Resolution and Size

The main benefit of SSBs is that the resolution of the SSB detectors is typically an order of magnitude greater than the resolution of gas ionization chamber detectors. The reason for this is that the energy required to produe an electron-hole pair in a semi-conductor (approximately 1 eV) is ten times less than the energy required to create a electron-ion pair (approximately 10 eV). Obviously, the same amount of ionizing radiation will create ten electron- hole pairs in a SSB for every one electron-ion pair produced in a gas. With a larger current produced, the resolution of a SSB detector will correspondingly be improved.

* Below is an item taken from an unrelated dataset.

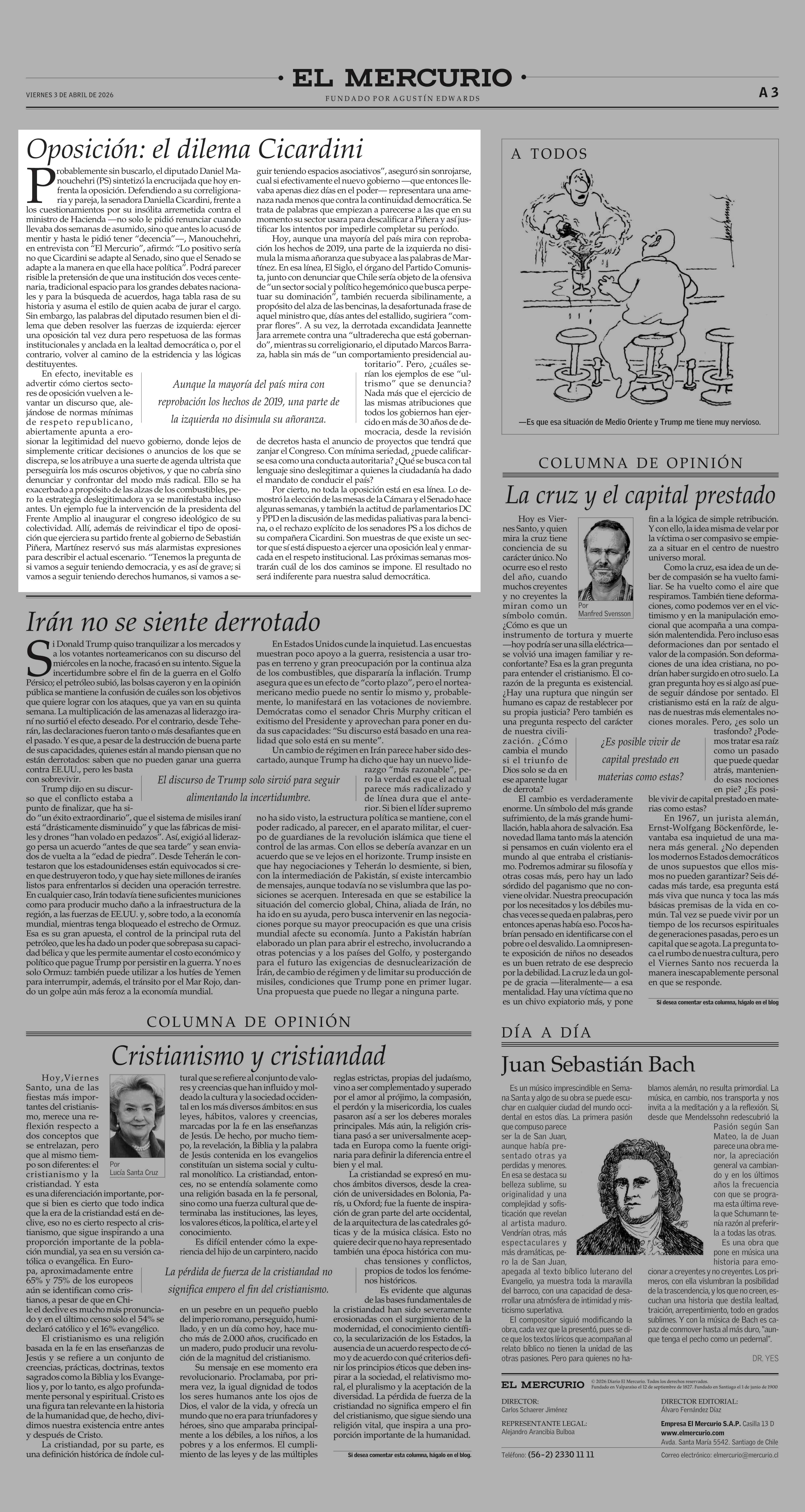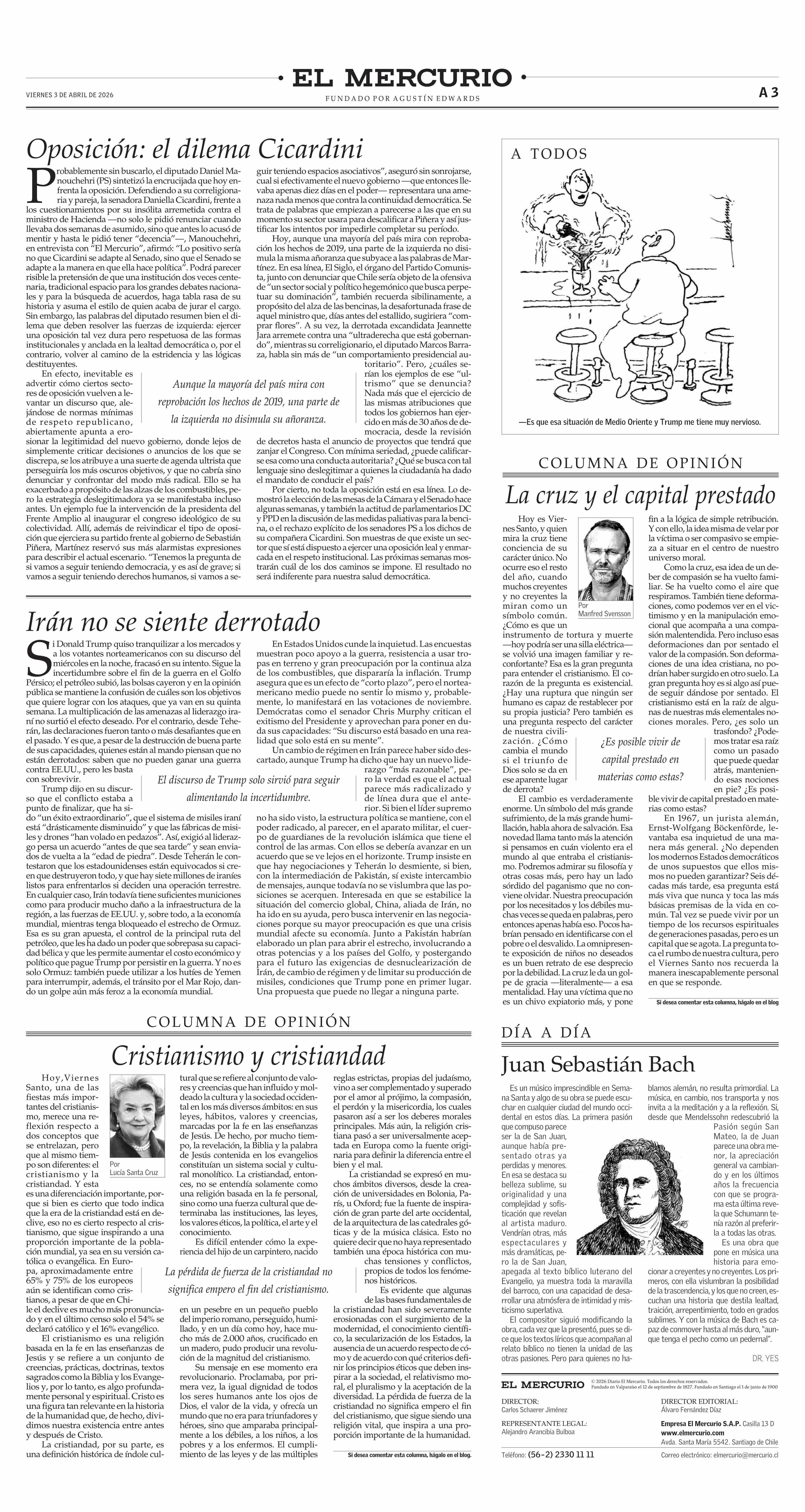 Editorial: Oposición: el dilema Cicardini 03-04-2026 El Mercurio |

In addition to their resolution, another benefit of the SSBs is their size. The detectors are very small and compact. In our expe riment, we were able to fit five detectors in the scattering chamber at very small separation distances.

Radiation Damage

The major weakness of SSB detectors is their vulnerability to radiation damage over time. When incident particles of radiation collide with SSB detectors, the ionizing radiation often causes structural defects in the lattice structure of the silicon. These incident particles can knock lattice atoms out of their normal positions, causing point defects, or they can cause dislocations in the crystal structure. All of these structural defects lead to the creation of intermediate "trapping" levels in the forbidden energy band gap which trap electrons or holes and reduce the amount of charge carriers in the detector.

These defects negatively affect the detector's performance by causing a degradation of the energy resolution of the detector as well as increasing the amount of leakage current. In heavily damaged detectors, double energy spectra peaks have even been seen. To compensate for this damage, one can try to increase the bias voltage or to operate the system at a lower temperature. By increasing the bias voltage, the collection time will be decreased and the resolution should be improved somewhat. This increase in bias voltage will also lower the amount of noise that is detected which will make the obtained signal clearer. By decreasing the operating temperature of the detectors, the leakage current can be decreased, and the overall quality of the detector will be improved. As the temperature is decreased, the thermal energy of the electrons in the detector will decrease and fewer charge carriers will be able to move about the depletion region in thermal equilibrium. From the principles of solid state physics, this will result in a better detector. For each ten degree decrease in temperature, the leakage current should experience a threefold decrease.